Já na primeira anotação do Diário, feita em 1970, ano em que nasceu seu filho Andrei, Tarkovski diz que o homem que não aspira à grandeza da alma é “menos que nada, qualquer coisa como um rato”. A religião, conclui, é a única porta aberta pela criatura para o Todo-Poderoso - Deus é definido por Tarkovski conforme a filosofia taoista, do chinês Lao-tsé, ou seja, como o insondável, o invisível, aquele que está além do entendimento humano. Ele tanto acreditava na religião, na arte e na filosofia como os três pilares de sustentação do mundo que o Comitê Central do Partido Comunista da URSS exigiu mudanças em Andrei Roublev, cujo roteiro, aliás, ele quase perdeu num táxi (por milagre, o motorista o reencontrou na rua e lhe devolveu o manuscrito pela janela do carro).

“Deus, como é difícil trabalhar com a Mosfilm”, escreve, em 1971, reclamando das intervenções da produtora estatal no filme sobre o célebre pintor de ícones do século 15 - as autoridades soviéticas certamente não gostaram de se ver retratadas como tártaros invadindo com seus cavalos uma catedral em Andrei Roublev. “Como a vida é triste, como invejo aqueles que podem trabalhar sem o controle do Estado”, escreveria dois anos depois, quando Solaris estreou sem muita divulgação em Moscou. No ano seguinte, 1974, foi a vez de Tarkovski interceder em nome do amigo cineasta Paradjanov (A Cor da Romã) para que o Comitê Central do PC da Ucrânia o libertasse da prisão e o deixasse filmar. Sem sucesso. O comitê respondeu que Paradjanov era um criminoso (acusado de roubar ícones).
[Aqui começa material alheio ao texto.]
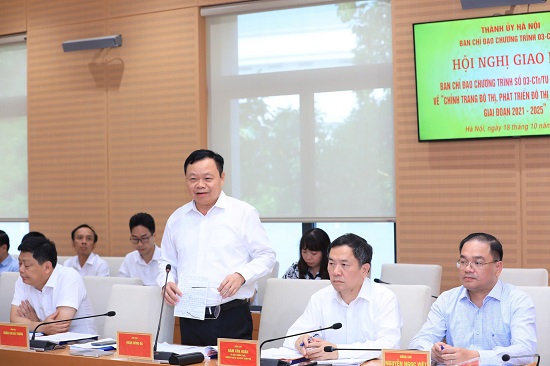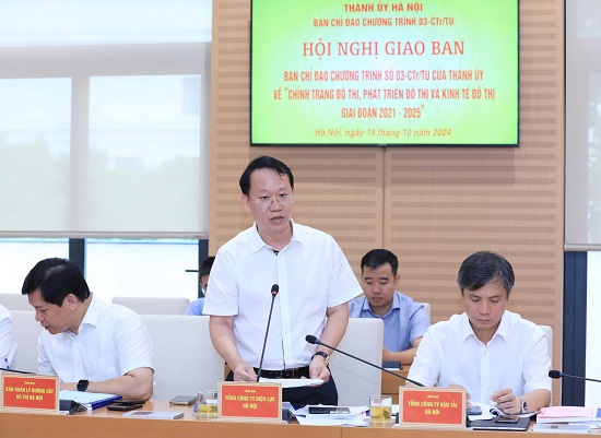 Sáng 18/10/2024, Ban Chỉ đạo Chương trình 03-CTr/TU của Thành uỷ Hà Nội về “chỉnh trang đô thị, phát triển đô thị và kinh tế đô thị” họp giao ban nhằm đánh giá tình hình thực hiện nhiệm vụ 9 tháng đầu năm và triển khai nhiệm vụ trọng tâm những tháng cuối năm 2024.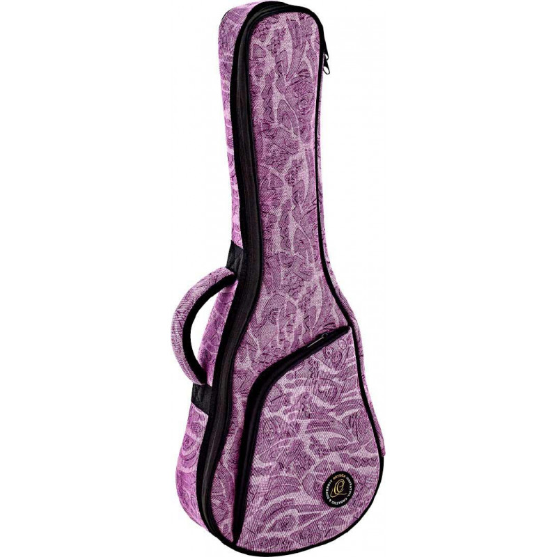 FUNDA PARA UKELELE Funda estampada para ukelele tenor con exterior de algodón estilo ``jean´´ e interior de nylon. 12 mm de acolchado. Con correas estilo mochila. Compartimento frontal. Color Purple Jean
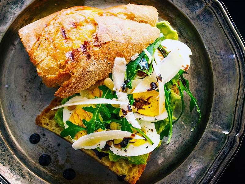 Enjoy tuna spread, two boiled eggs, butter, blue cheese, seasonal fruits and berries, full-grain bread, arugula, and lettuce mix.
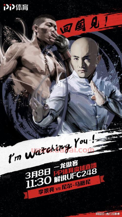 2、PP体育和咪咕视频都能看。PP体育和咪咕视频都免费直播ufc比赛。UFC,中文意思是终极格斗冠军赛,是目前世界上最顶级和规模最庞大的职业MMA(综合格斗)赛事。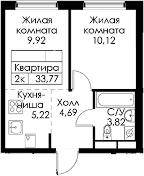- Площадь33,77 м2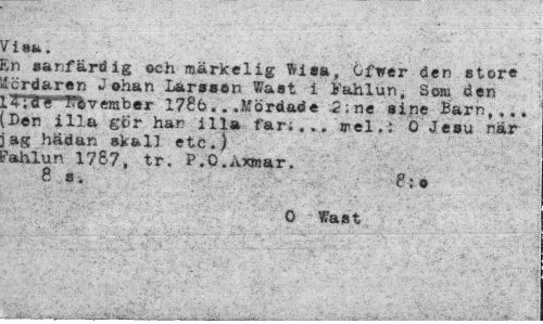 //// 5n sanfärdig och märkelig Wisa, Gfwer den store icrdaren Johan Larsson Wast i Fahlun, Sörj den t T; "fl f'"' R fe v em b e r 1786.. .Mördade 2; ne aine Barn,... [Den illa gör har illa far;... mel.; 0 Jesu när jag hädan skall etc.) ?ahlun 1787, tr. P.O.Axmar. //// 8a. 8:• //// 0 Wast ////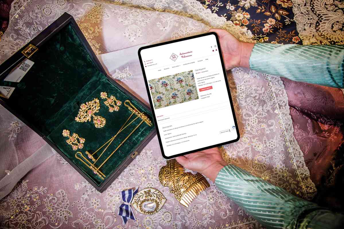A través de las galerías de la tienda online en www.el1iel2.com, el internauta podrá navegar por un amplio catálogo de telas de valenciana de diferentes materiales y dibujos. También aderezos, desde los más tradicionales a los más modernos, con todo tipo de modelos, así como juegos de peinetas para tres moños y un solo moño. Manteletas de diferentes estilos y una gran variedad mantillas completa un catálogo amplio y de piezas destacadas.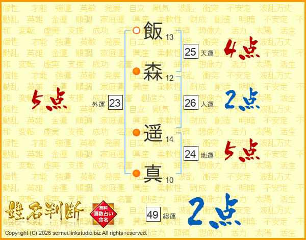 あなたの人生を表す1番重要な運勢です。生涯を通じて影響する総合運となり、主に50歳以降の晩年期に影響を及ぼします。苗字と名前の合計画数。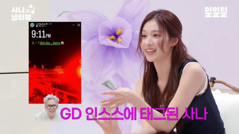 沒想到Sana在時隔數月之後,在《Sana的冰箱訪談》最後一期節目中也回顧了與G-Dragon(權志龍)和Dex共同錄制節目的趣事,透露現場氣氛是「緊急集合卻異常默契。」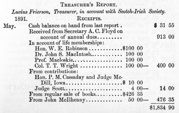 The Executive Council of the Scotch-Irish Society held a meeting immediately after the adjournment of the Congress and elected the following Executive Committee to serve for the ensuing year: Robert Bonner, President; Br. John S. Macintosh, Vice President General; A. C. Floyd, Secretary; John McIlhenny, Treasurer—ex officio members; Prof. George Macloskie, Princeton, N. J.; Col. John W. Echols, Pittsburg, Pa.; Dr. John W. Dinsmore, Bloomington, Ill.; Dr. Robert Pillow, Columbia, Tenn.; Mr. Helm Bruce, Louisville, Ky.; Mr. W. Hugh Hunter, Dallas, Tex.; Col. William Johnston, Charlotte, N. C.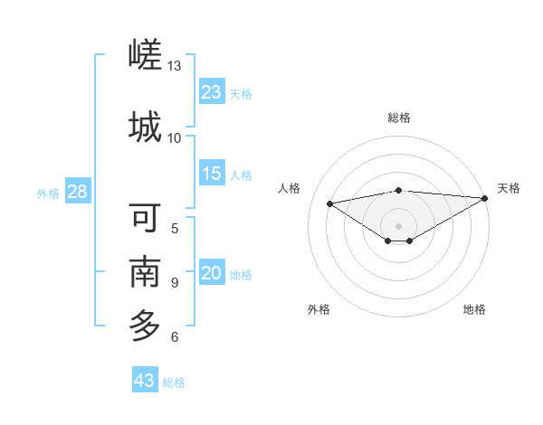 嵯城 可南多さんの天格は23画の5点!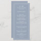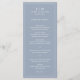 Un menu mariage simple au design moderne et élégant avec votre monogramme à deux lettres, vos noms et votre date entourés d'une fine bordure. Tout le texte est en blanc sur un arrière - plan bleu poussiéreux. Les polices et les couleurs arrière - plans peuvent être changées en n'importe quelle couleur en cliquant sur le bouton "personnaliser". Un design chic et design qui conviendra à un couple minimaliste.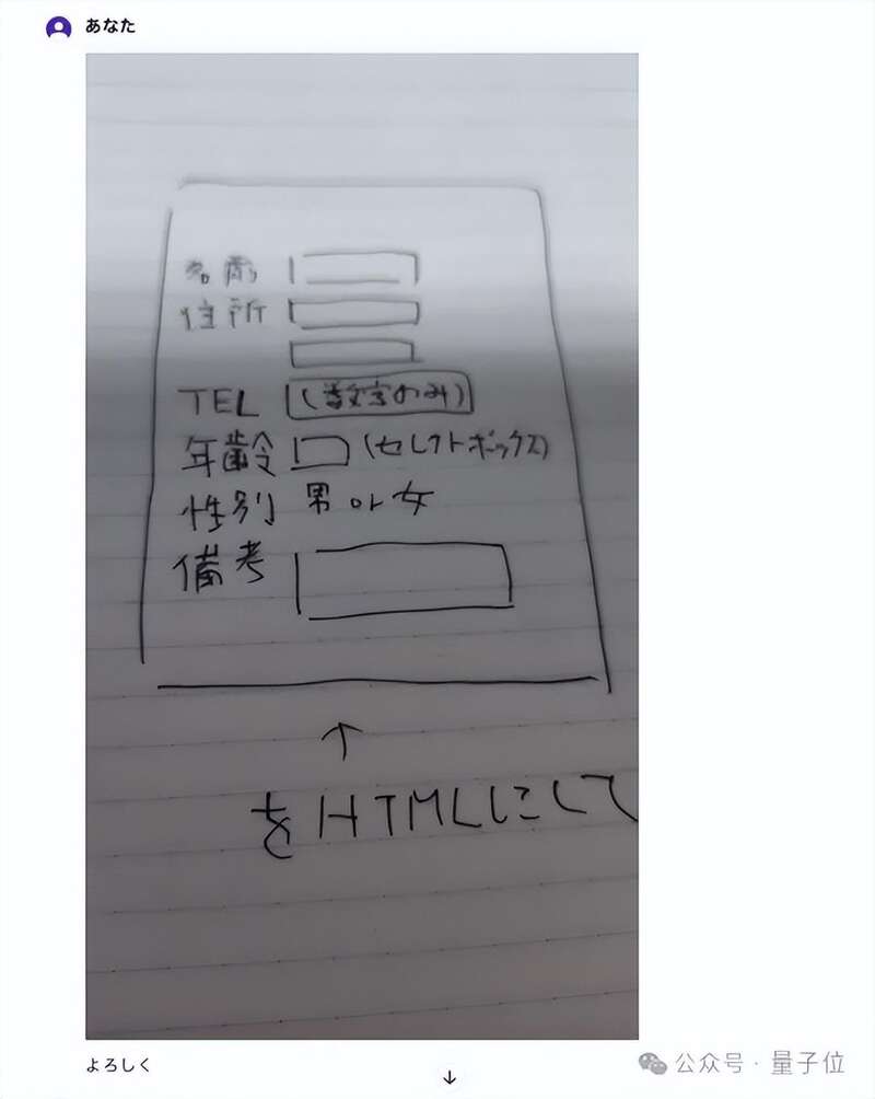 纸质原型转录初始HTML也有网友尝试利用GPT-4o,把写在纸上的原型转录为电脑内的初始HTML。

Sete anos depois, em 1981, o mesmo comitê proibiu Stalker para estudantes, alegando se tratar de um filme “pernicioso” para a juventude.

As últimas palavras do Diário de Tarkovski são para Hamlet. Ele, que dirigiu uma montagem heterodoxa da peça (nela, todos ressuscitavam no final), queria tanto filmar a obra de Shakespeare como a vida de Santo Antonio - o cineasta se identificava com ele por não encontrar a harmonia dentro de si, mas, ainda assim, ouvir a beleza nascendo do universo a cada aurora, a cada raio de luz do outono. Os grandes do cinema são, segundo Tarkovski, como esses santos, capazes de dizer não ao mundo. Mas são poucos aqueles que não têm medo, o pior inimigo de um cineasta. Seu diretor preferido, o francês Robert Bresson, segundo o Diário, era um deles.